Records drawn from a dataset:
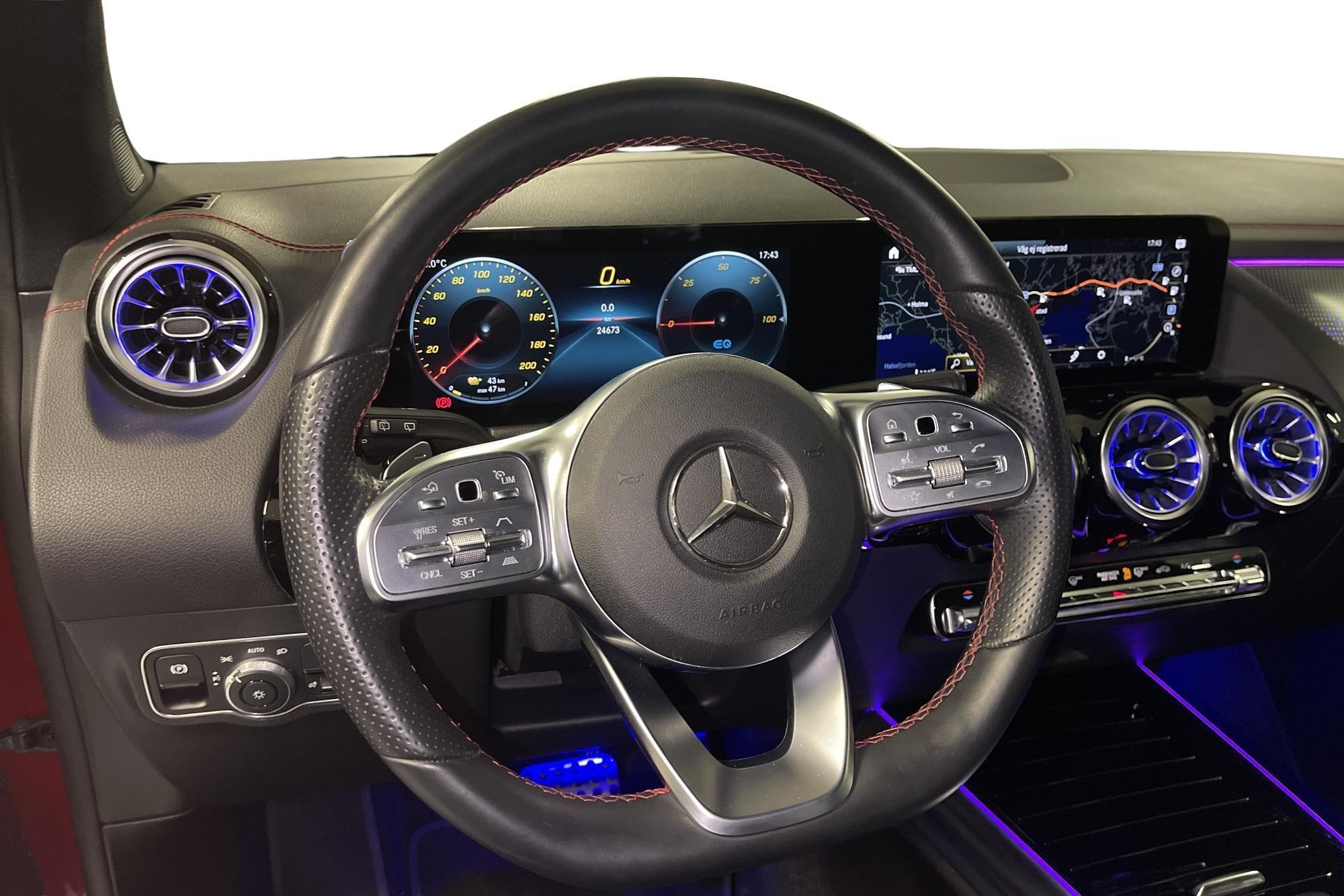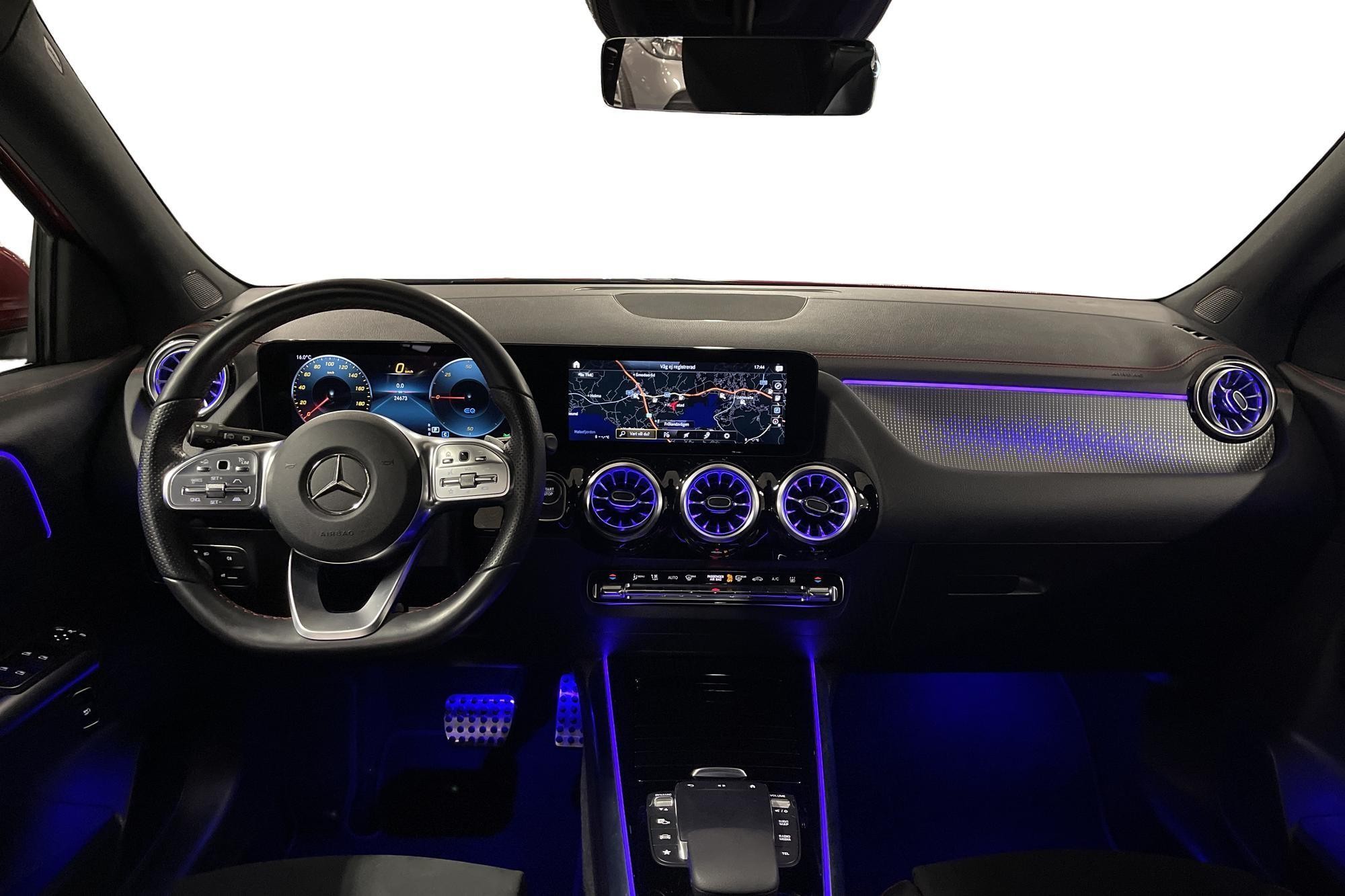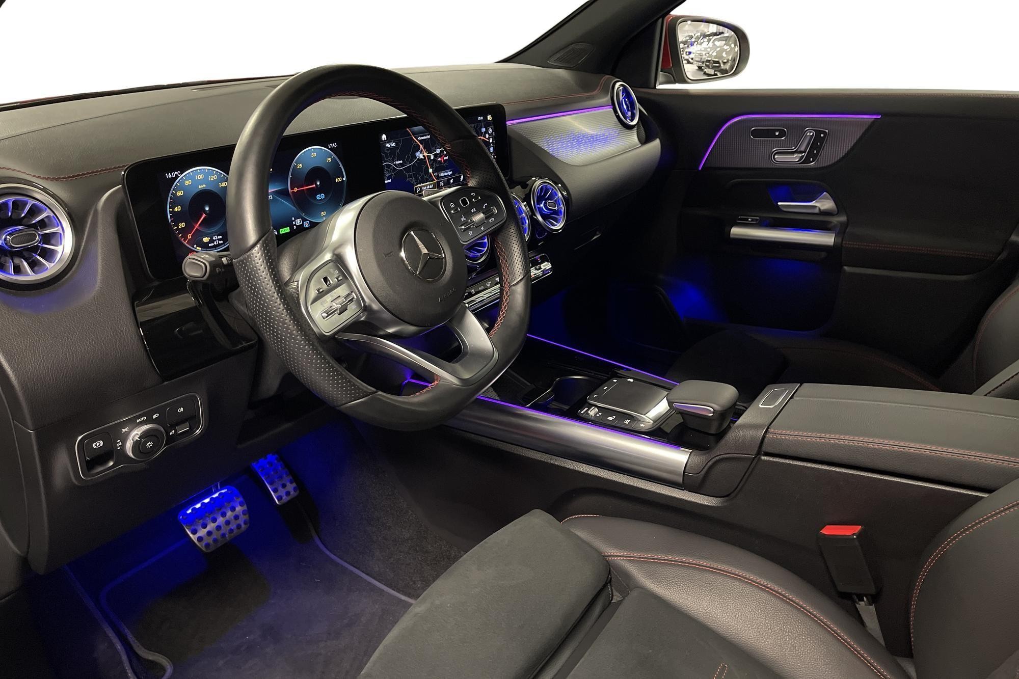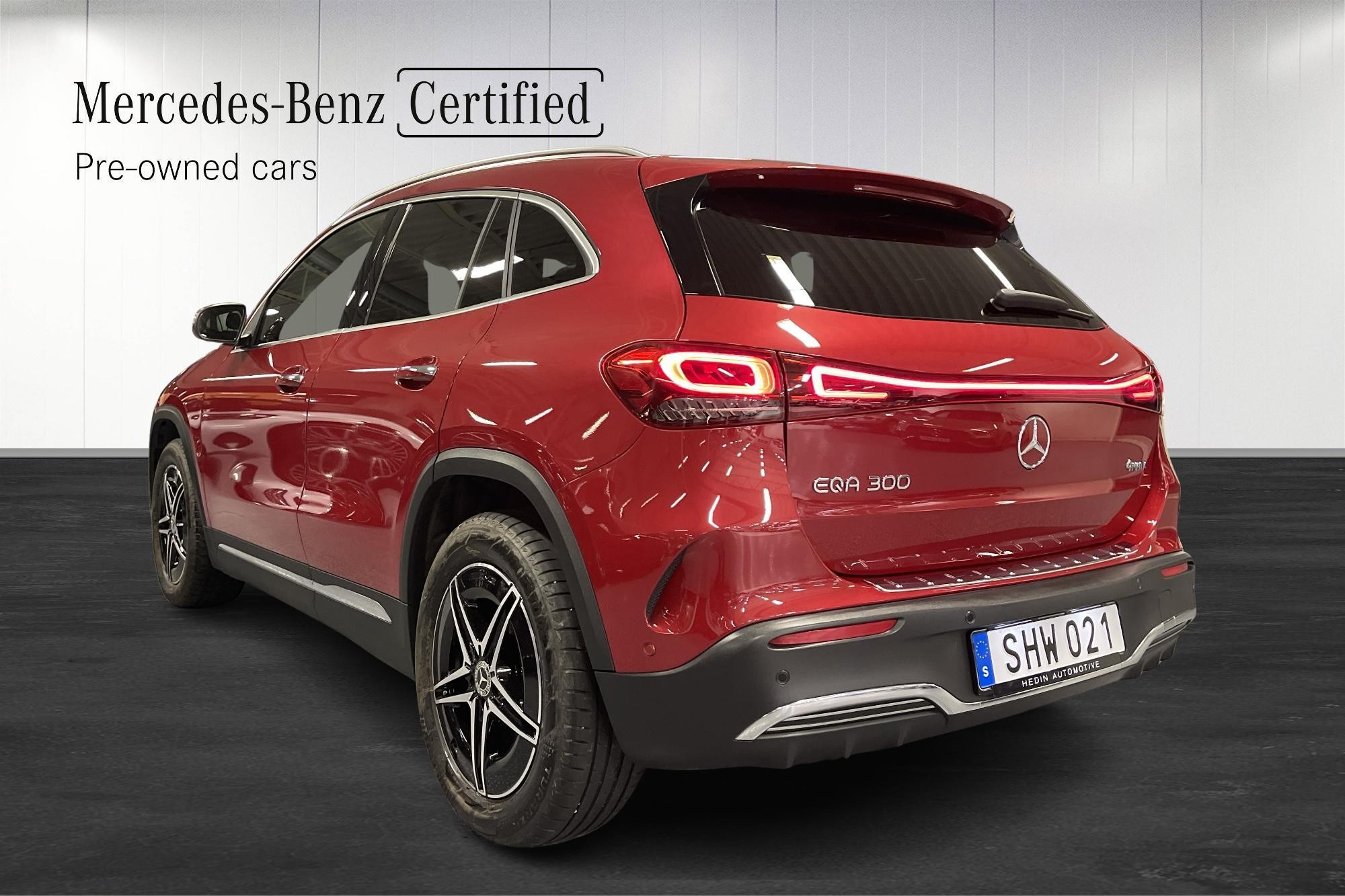Mercedes-Benz EQA 300 4MATIC AMG Line, 2023, i exklusiva nyansen Manufaktur Patagonienröd Bright – en helt elektrisk, kompakt premium-SUV med fyrhjulsdrift och riktigt låg mätarställning på ca 300 mil.
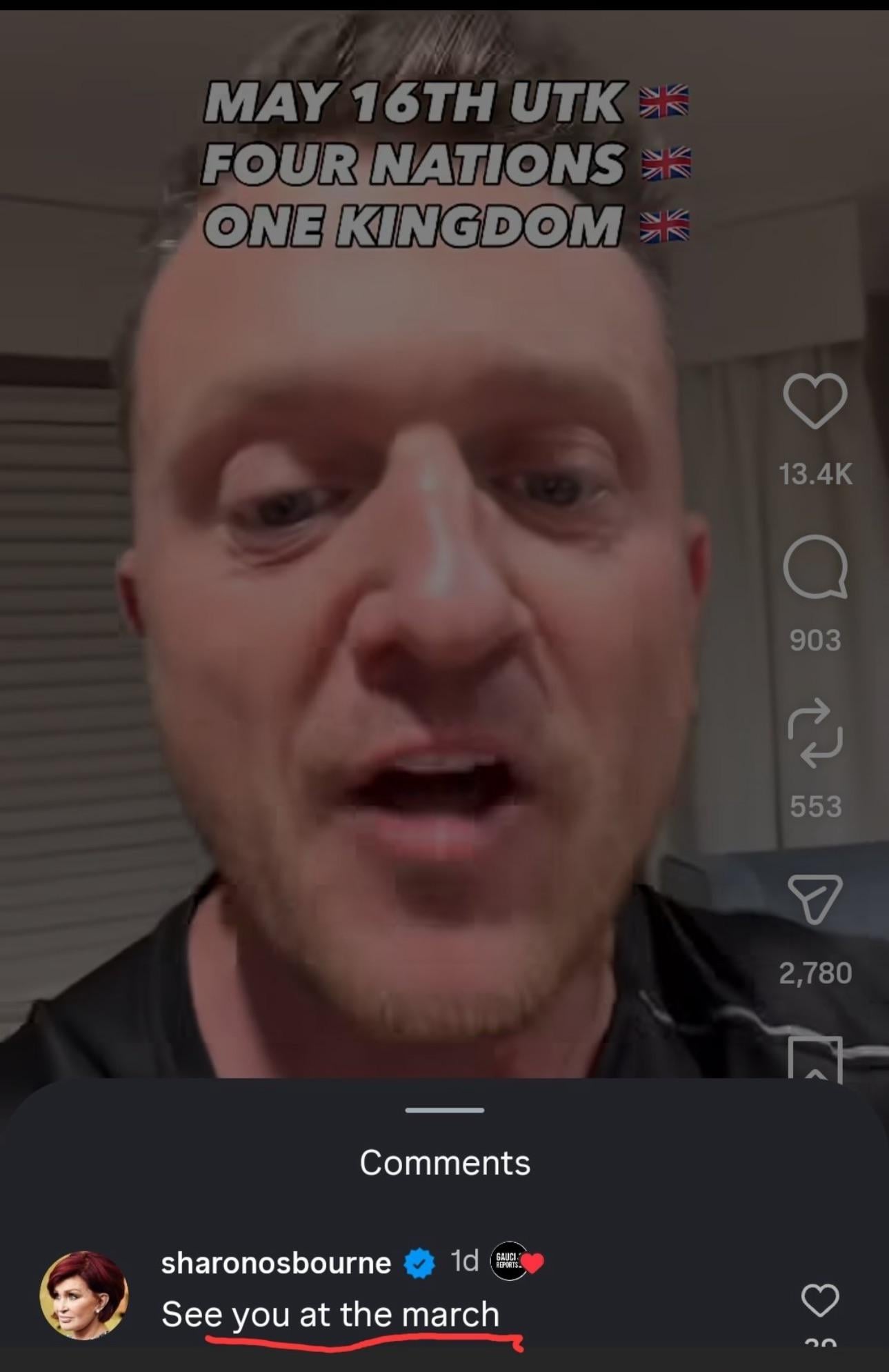 Sharon Osbourne has thrown her support behind a far-right, anti-immigration rally organised by Tommy Robinson
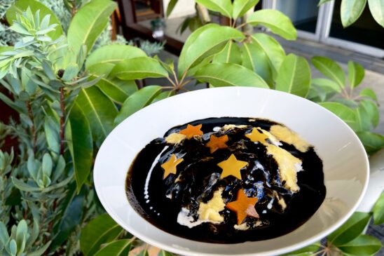 夜道雪さんのお名前から“夜空”をイメージした真っ黒なソースと星々
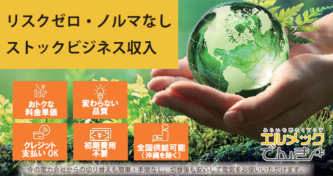 【代理店募集】リスクゼロ!ノルマなし!在庫不要で始める安定ストックビジネス!エルメックでんき販売パートナー募集!
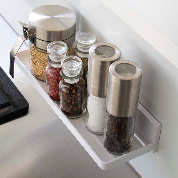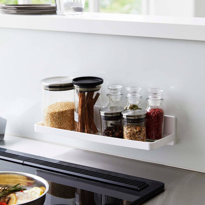 コンロ周りに取り付けると、スパイスボトルやキッチンツールがサッと手に取りやすくお料理もスムーズです。
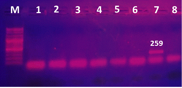 PCR for detection of rfbEO157 encoding gene. Lane M:100-3000bpDNA marker; Lane 1, 2: positive isolate for rfbEO157 gene; Lanes 3-7: negative strains.
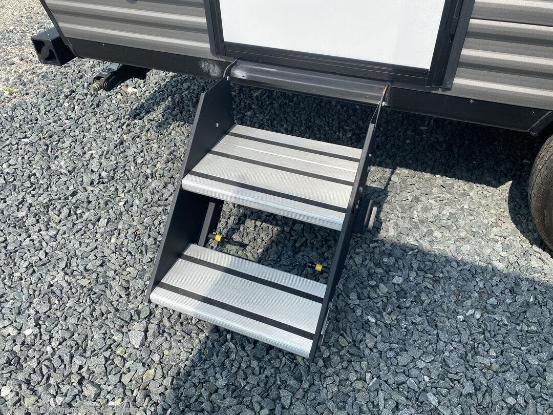 Gain some freedom to travel with this Jay Flight SLX travel trailer! You can rest comfortably each night on an RV queen bed that can be sectioned off into a semi-private bedroom with a privacy curtain. There is a private bathroom with a tub/shower and toilet so that you can stay clean, and the kitchen has a two-burner range and microwave oven for all of your inside cooking needs. Outside, there is a 13' power awning to protect you from too much sun, and you can also store extra gear in the exterior storage compartment which is quite handy.
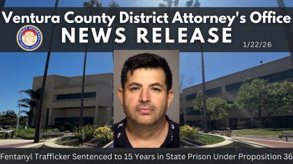 Ventura County District Attorney Erik Nasarenko announced today that Jose Trinidad Bueno Garcia (DOB 02/11/75), of Van Nuys, was sentenced on January 21, 2026, to 15 years in state prison for leading a large-scale fentanyl trafficking operation impacting Ventura County. Garcia previously pled guilty to conspiracy to possess fentanyl for sale. At the time of his plea, Garcia admitted that the offense involved more than four kilograms of fentanyl, triggering a significant weight enhancement. He also admitted that the crime involved a large quantity of contraband and was carried out with planning, sophistication, and professionalism. “This defendant led a drug trafficking organization responsible for moving an enormous amount of fentanyl into our community, putting countless lives at risk,” narcotics prosecutor Devin Mirchi said. “This sentence reflects the seriousness of the defendant’s conduct and sends a clear message that fentanyl trafficking will be met with significant consequences in Ventura County.”
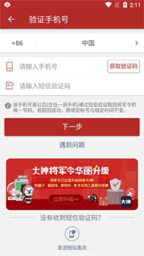 首先在软件界面输入手机号码及对应的验证码以完成激活验证。
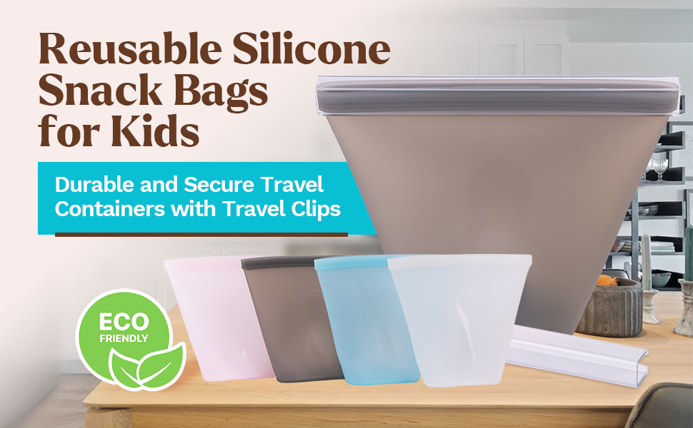 Reusable Silicone Snack Bags for Kids - Durable and Secure Travel Containers with Travel Clips | Food Pouches for Toddlers, and Young Children | Eco-Friendly and Easy to Clean Silicone Bags - 4 Pack
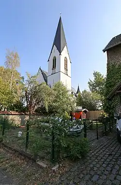 Die 1908/09 erbaute Kirche entstand unweit des Standortes der ehemaligen Kapelle „Mater Dolorosa“ am Anfang des 1925 begradigt ausgebauten Kirchweges.[13] Sie liegt eingefriedet im Dorfkern und ist eines der denkmalgeschützten Bauwerke Uckendorfs.
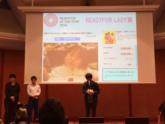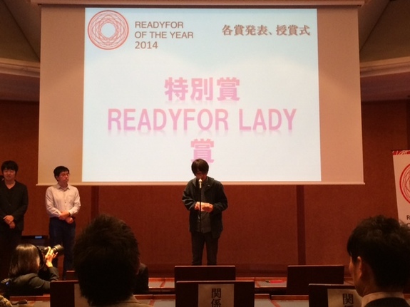 昨日、「READYFOR OF THE YEAR 2014」が東京大学で開催され、私たちのプロジェクトが、おかげさまで、「特別賞 READYFOR LADY賞」を受賞しました♫
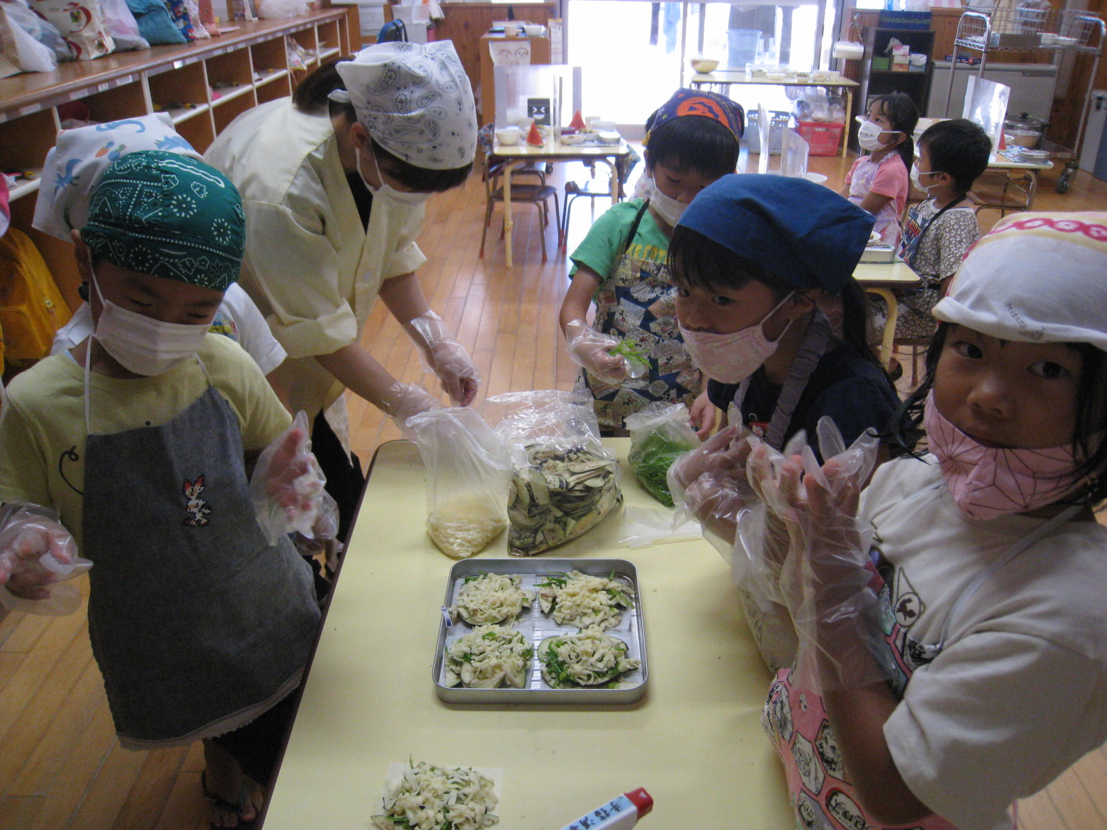 チーズトーストクッキングの前にナスの浅漬け作りをしたが、ナスは独特の味がし、「大人の味…」といい、苦手な子が多かったため、給食調理員と子どもたちがおいしく食べられるナスのクッキングはないか話し合い今回のクッキングが決まった。
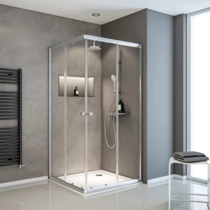 Der Schulte Eckeinsteig Sunny ist eine moderne Eckdusche mit Schiebetüren. Mit großen Elementen aus Einscheibensicherheitsglas und silberfarbenen Aluminiumprofilen gestalten Sie Ihr Bad modern und zeitgemäß. Dank der Schiebetüren öffnen Sie die Duschkabine besonders platzsparend.
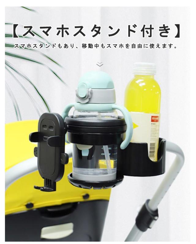 収納便利 ボトルホルダー 3in1 哺乳瓶 ベビーカー ドリンクホルダー 飲み物 カップホルダー 携帯電話収納 キッズ 2個対応 ボトルホルダー 360度回転 角度調整可 ベビーカー ホルダー 自転車 取り付け ベビー 赤ちゃん

Task details:
The line with "コンロ周りに取り付けると、ス" ends the range, and the first line of the data begins it; repeat exactly those lines and nothing more, omitting pictures.

Solution below:
Mercedes-Benz EQA 300 4MATIC AMG Line, 2023, i exklusiva nyansen Manufaktur Patagonienröd Bright – en helt elektrisk, kompakt premium-SUV med fyrhjulsdrift och riktigt låg mätarställning på ca 300 mil.
 Sharon Osbourne has thrown her support behind a far-right, anti-immigration rally organised by Tommy Robinson
 夜道雪さんのお名前から“夜空”をイメージした真っ黒なソースと星々
 【代理店募集】リスクゼロ!ノルマなし!在庫不要で始める安定ストックビジネス!エルメックでんき販売パートナー募集!
 コンロ周りに取り付けると、スパイスボトルやキッチンツールがサッと手に取りやすくお料理もスムーズです。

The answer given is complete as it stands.